Julien Miro, maire de Castelnau-le-Lez, a fermement démenti les rumeurs concernant l'abattage d'arbres et le réaménagement du parking de l'école Rose-de-France. Dans une vidéo postée ce lundi, il a répondu aux accusations de l'opposition, représentée par le groupe Ici et Ensemble, qui dénonçait la disparition de plusieurs marronniers centenaires près du parc Frédéric-Bazille et un projet de coupe des 24 platanes du parking.
Des accusations jugées infondées
« Tout cela est très éloigné de la réalité, assure le maire. La réalité, c’est qu’on n’a jamais rien coupé. Tous les marronniers sont là, le long de l’avenue de la Moutte. » Selon lui, les travaux en cours sur le secteur Bazille ne concernent que des « rejets de végétation », de l’entretien classique. La municipalité prévoit d’ailleurs de réaménager 150 m² et d’y planter une quinzaine d’essences adaptées au climat, nécessitant peu d’eau.
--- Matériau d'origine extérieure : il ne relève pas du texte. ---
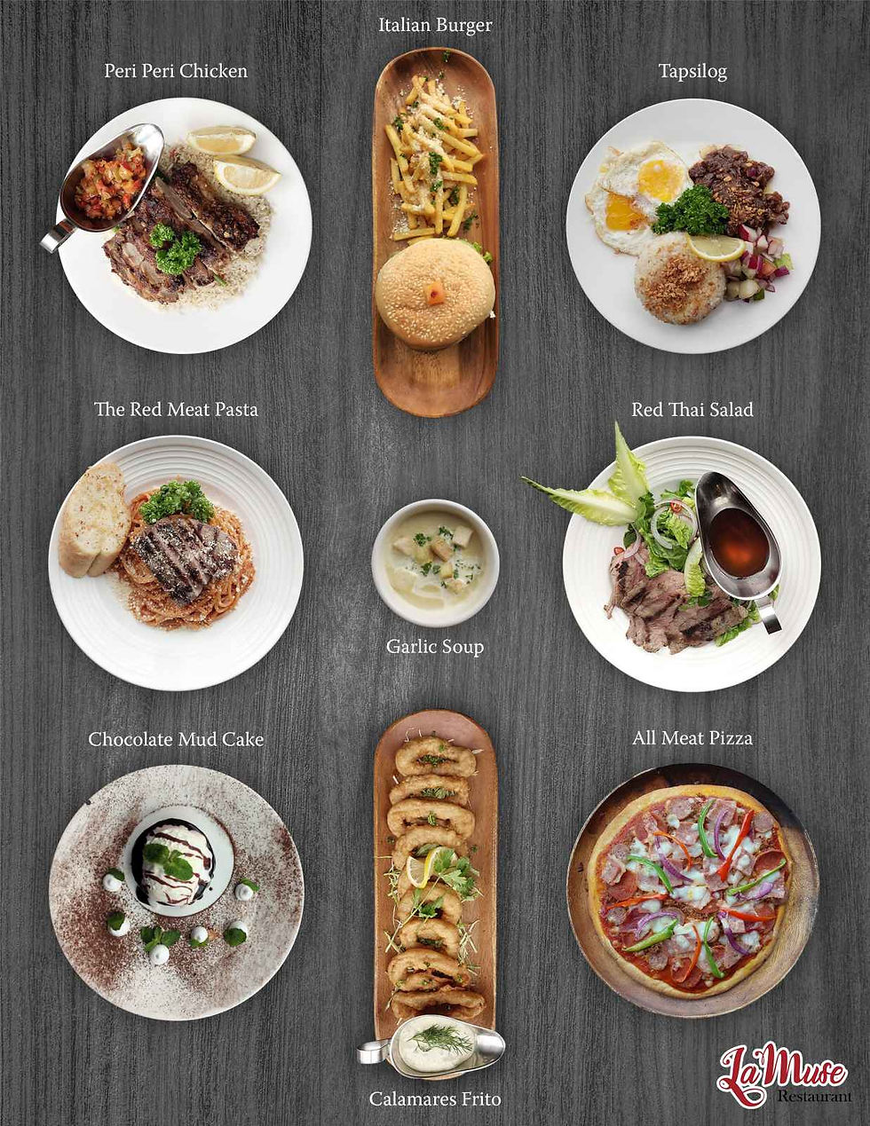 At La Muse, embark on a culinary journey through the heart of Filipino flavors. Power up your day with generous servings of breakfast classics like Tapsilog, Bangsilog, and Hotsilog, or indulge in the robust flavors of Pansit Guisado, Lumpiang Shanghai, and Chopsuey Guisado for a festive feast. On those chilly, rainy days, the restaurant offers an enticing selection of soups, including Beef Bulalo, Garlic Soup, Onion Soup, Minestrone Soup, and Potato Leek Soup to warm your soul.
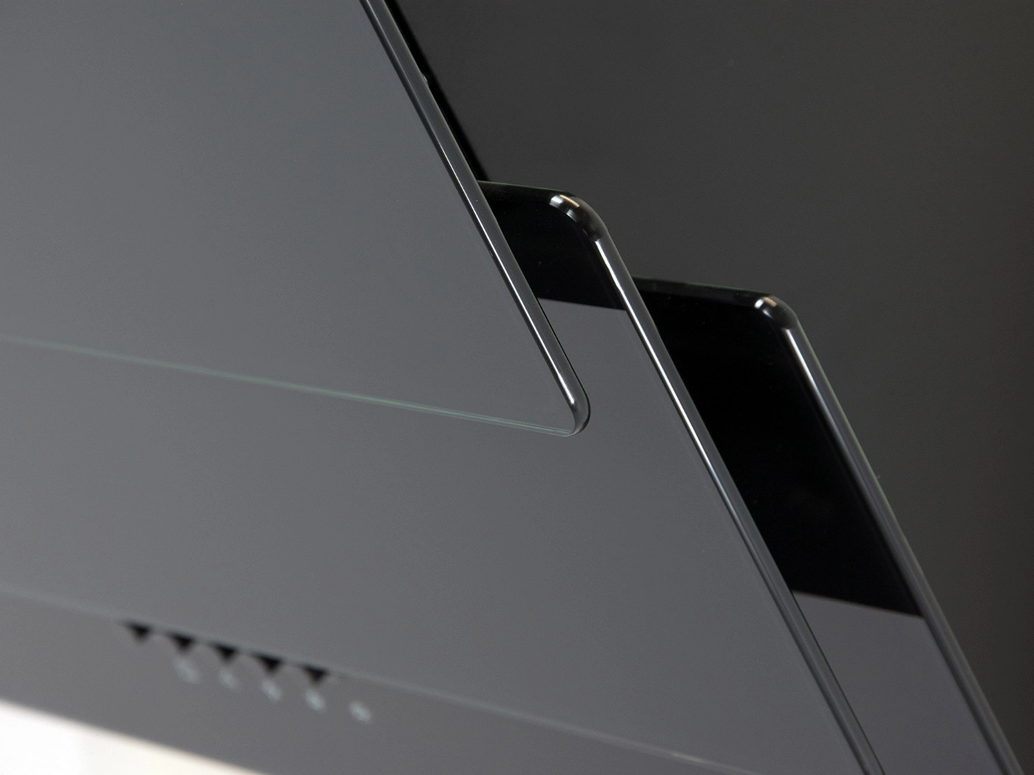 - rustfrit stål + hærdet glas på fronten, mat sort
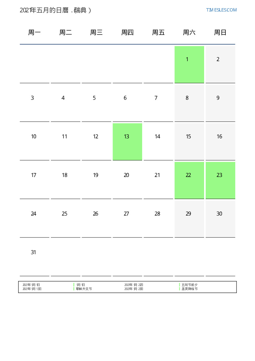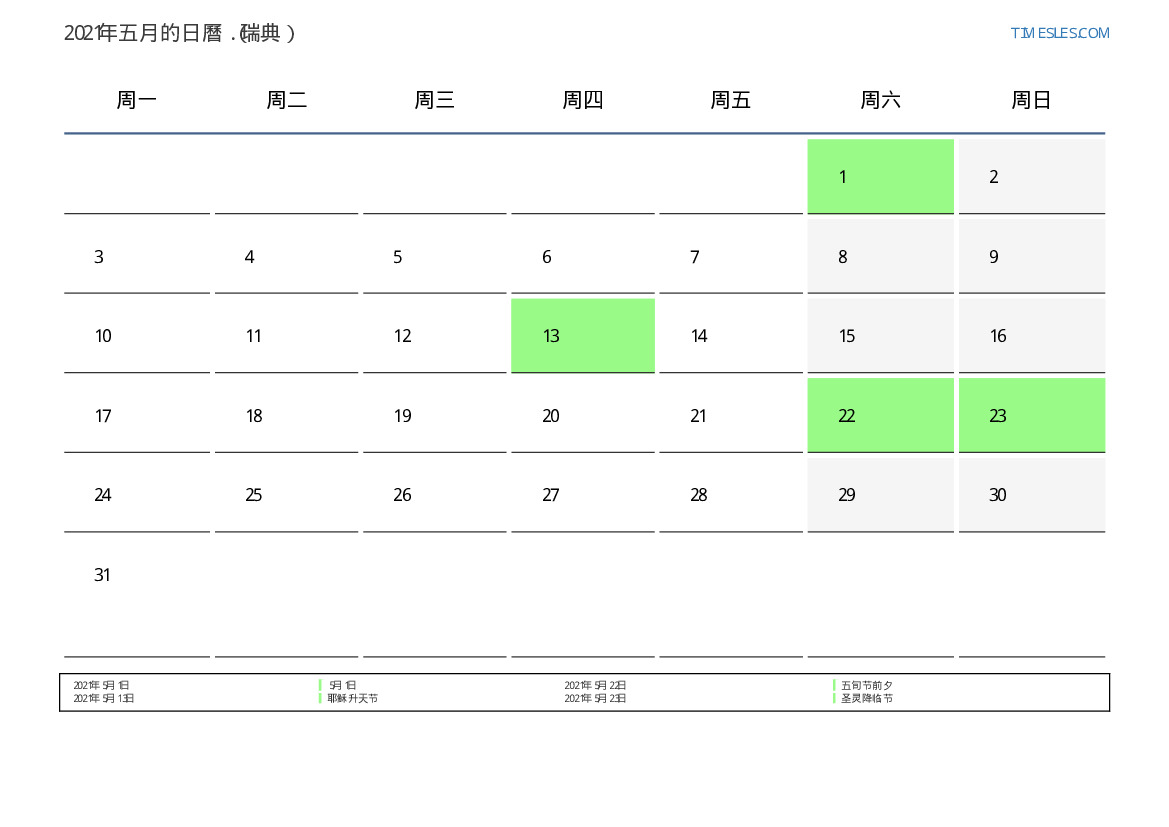 下載並打印2021年五月瑞典節假日和周末的PDF日曆

« Mon père m’a transmis le respect de la nature, mais aussi des personnels qui l’entretiennent, précise ce fils d’agent aux espaces verts à Carcassonne. Un arbre qui a besoin d’eau, c’est aussi un agent qui doit l’arroser sous une forte chaleur. »
Un parking repensé pour plus de places et de verdure
Le projet de réaménagement du parking de l’école Rose-de-France prévoit d’augmenter sa capacité à environ 200 places, soit près du double de l’existant. « Évidemment que ce ne sera pas un parking silo », précise le maire. En recalibrant les espaces, la municipalité espère gagner des places tout en végétalisant la zone. « Tout l’enjeu, c’est d’optimiser, de désimperméabiliser et végétaliser la zone, car c’est très bétonné. »
Contrairement aux rumeurs, aucun arbre ne sera déplacé ni coupé. « Il faut redéfinir cet espace dont les allées sont très, très larges. » L’objectif est de concilier davantage de stationnements avec une végétation accrue, tout en améliorant les pistes cyclables.
Des investissements ciblés pour la nature en ville
Le maire a également évoqué le coût des acquisitions foncières, comme le parc Pujol, inauguré en avril 2025, acheté « pour plus de 3 M€ ». Le budget espaces verts annuel est de 350 000 €, mais « la métropole gère 70 % de nos espaces verts ». Julien Miro insiste sur une approche « cousu main », en concertation avec les riverains, citant par exemple la place de l’Europe, jugée trop minérale. « J’essaie de ne pas répondre à toutes les fake news. Mais quand cela jette le trouble dans l’opinion, il faut quand même apporter des explications », conclut-il.